INFORMATION SHOWN.

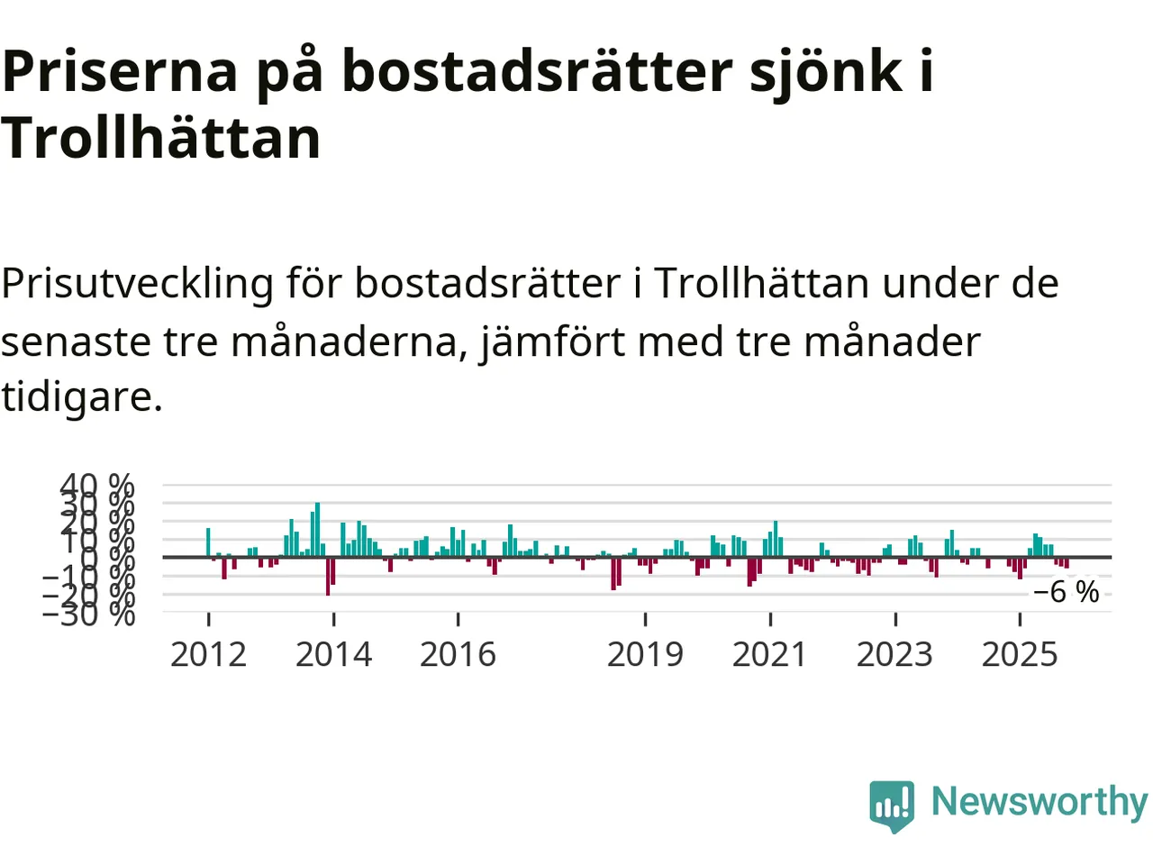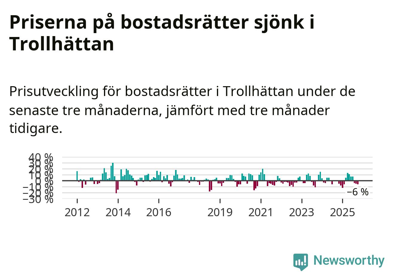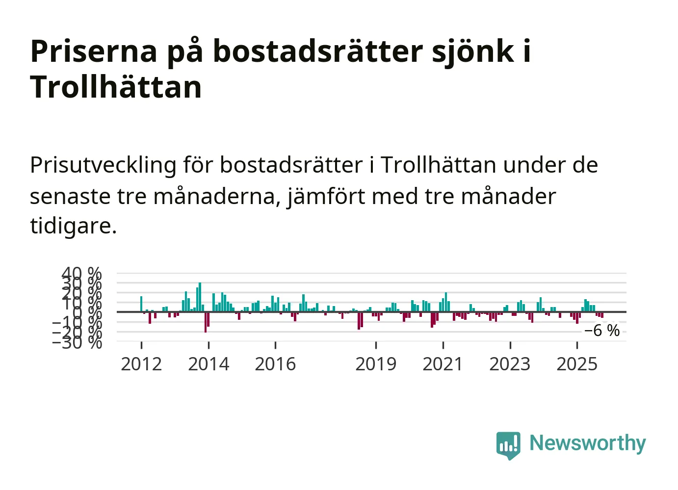 Priserna på bostadsrätter har gått ner i Trollhättans kommun. Medelpriset på försäljningarna under de senaste tre månaderna visar på en nedgång med 6 procent.
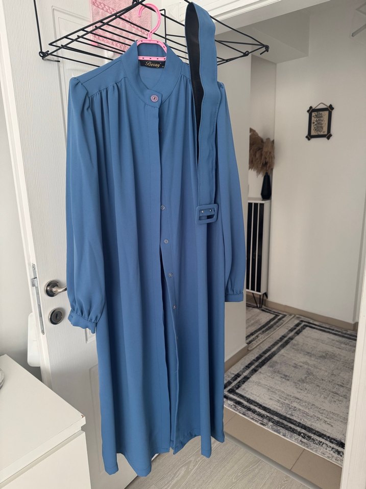 Uzun, bol kesim kadın gömlek elbisesi, uzun kollu ve minimalist sokak tarzında, düz mavi renktedir. Rahat bir kullanım sunar. İyi durumda 36 beden
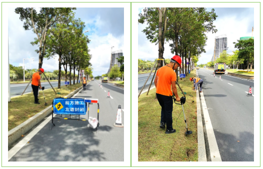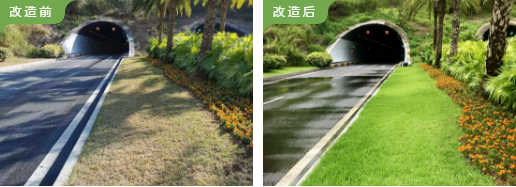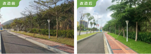 ▲環島西路與橫琴大道轉彎位安裝噴淋系統前后的對比圖

ASSIGNMENT. From the line containing "Uzun, bol kesim" down to the last line of the data above, transcribe exactly those lines and no others; omit the pictures.

YOUR SOLUTION.
 Uzun, bol kesim kadın gömlek elbisesi, uzun kollu ve minimalist sokak tarzında, düz mavi renktedir. Rahat bir kullanım sunar. İyi durumda 36 beden
 ▲環島西路與橫琴大道轉彎位安裝噴淋系統前后的對比圖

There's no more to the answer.